The Internal Revenue Service today issued two items of guidance in response to the need for charitable and other relief due to the Ebola outbreak in Guinea, Liberia and Sierra Leone. One provides special relief intended to support leave-based donation programs to aid victims who have suffered from the Ebola outbreak in those countries. The other designates the Ebola outbreak in those countries as a qualified disaster for federal tax purposes.
Under the leave-based donation guidance, employees may donate their vacation, sick or personal leave in exchange for employer cash payments made to qualified tax-exempt organizations providing relief for the victims of the Ebola outbreak in Guinea, Liberia or Sierra Leone. Employees can forgo leave in exchange for employer cash payments made before Jan. 1, 2016. Under this special relief, the donated leave will not be included in the income or wages of the employees. Employers will be permitted to deduct the amount of the cash payment.
For example, if an American company has such a program and makes a cash donation of the value of an employee’s donated leave before January 1, 2016, to an organization that is providing medical services and supplies for the relief of victims of the Ebola outbreak in Guinea, Liberia, or Sierra Leone, the IRS will not consider the amount of that payment as gross income or wages of the employee. Additionally, the IRS will not assert that the U.S. company can only deduct such cash payments under Internal Revenue Code section 170.
The IRS reminds taxpayers there are some simple steps they can take to ensure that their contributions go to qualified charities, and more information is available at IRS.gov.
The qualified-disaster guidance allows recipients of qualified relief payments related to the Ebola outbreak in Guinea, Liberia and Sierra Leone to exclude those payments from income on their tax returns. Under today’s guidance payments generally include amounts to cover necessary personal, family, living or other qualified expenses that were not covered by insurance.
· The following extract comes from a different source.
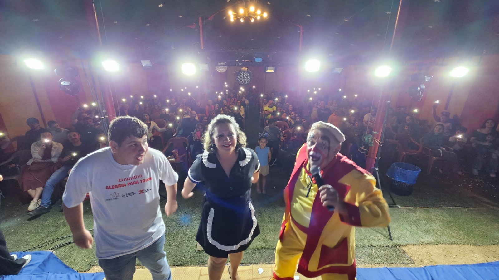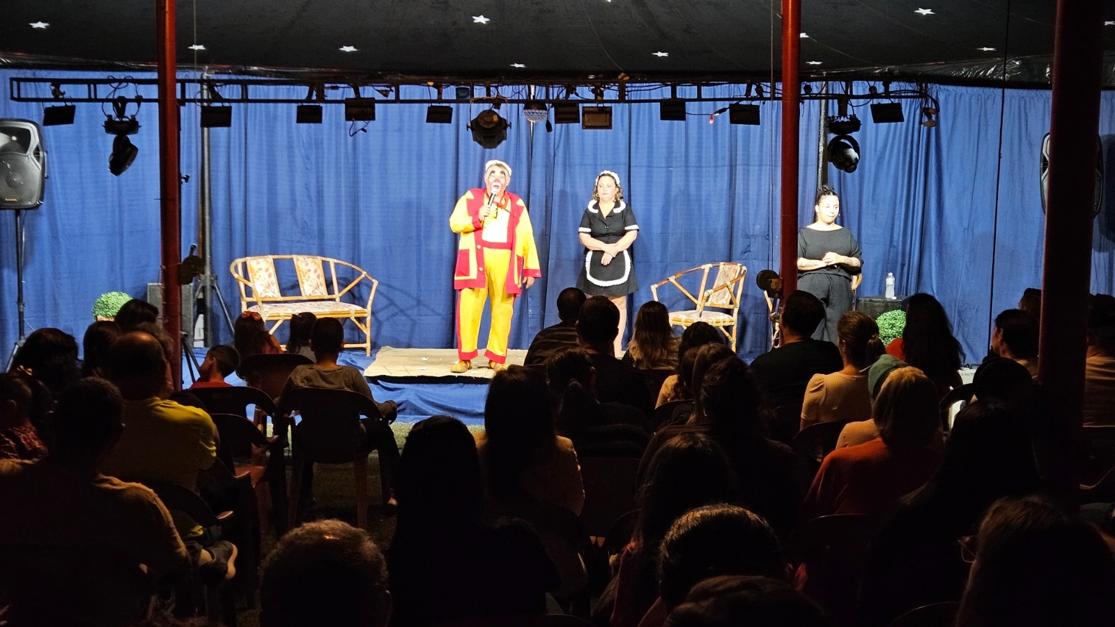 A estreia do Circo de Teatro do Biriba em Morro da Fumaça, na noite desta quarta-feira (20), foi marcada por um grande público que lotou a lona montada no Bairro Esperança. Muitas famílias se reuniram para assistir ao espetáculo “Biriba – O Namorado da Empregada”, que arrancou risadas e conquistou a plateia do início ao fim.
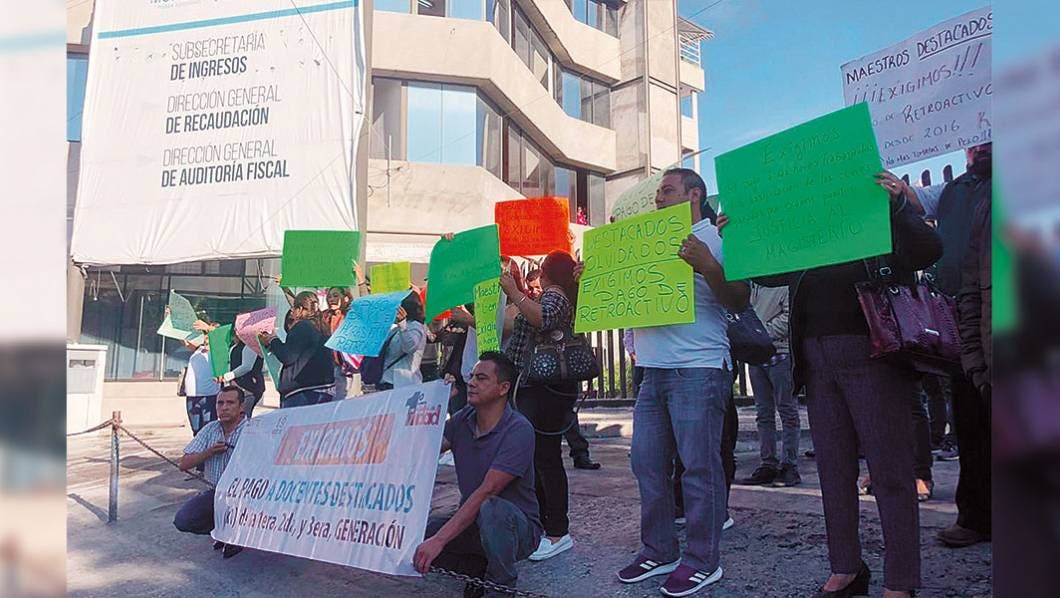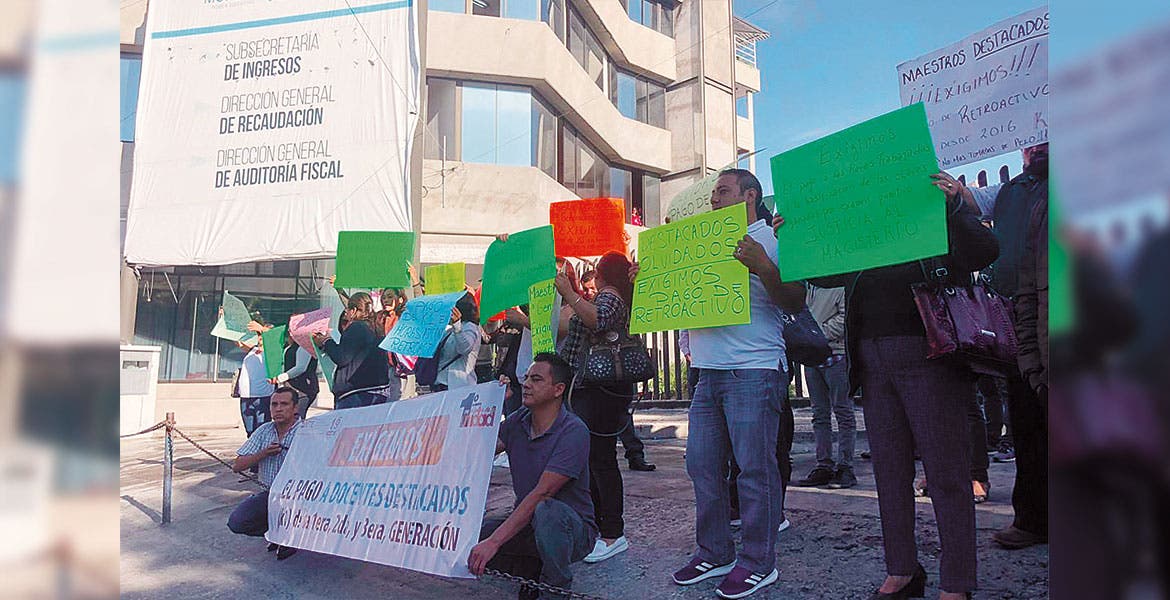 Ayer, desde las 9:00 horas profesores que presentaron su examen de evaluación desde el año 2016 y que resultaron destacados, se manifestaron en las instalaciones de la subsecretaría de ingresos de la Secretaría de Hacienda, ubicada en la calle Himno Nacional, del centro de Cuernavaca.

For example, if an employee living in Guinea receives reimbursement from an employer-sponsored charitable organization for medical expenses incurred by the employee as a result of the Ebola outbreak in Guinea, such reimbursement will not be included in the employee’s gross income for U.S. federal income tax purposes.
Similarly, if an employee of an American company is relocated within Liberia under a quarantine order due to the Ebola outbreak in Liberia, and the American company pays for the employee’s transportation, rent and living expenses related to the quarantine order, such payments will not be included in the employee’s gross income for U.S. federal income tax purposes.
Today’s announcement of qualified relief follows similar steps taken in other qualified disasters, such as the Japan earthquake and tsunami and the Haiti earthquake. The announcement about leave-based donation programs is similar to programs available in the aftermath of Hurricane Sandy and Hurricane Katrina.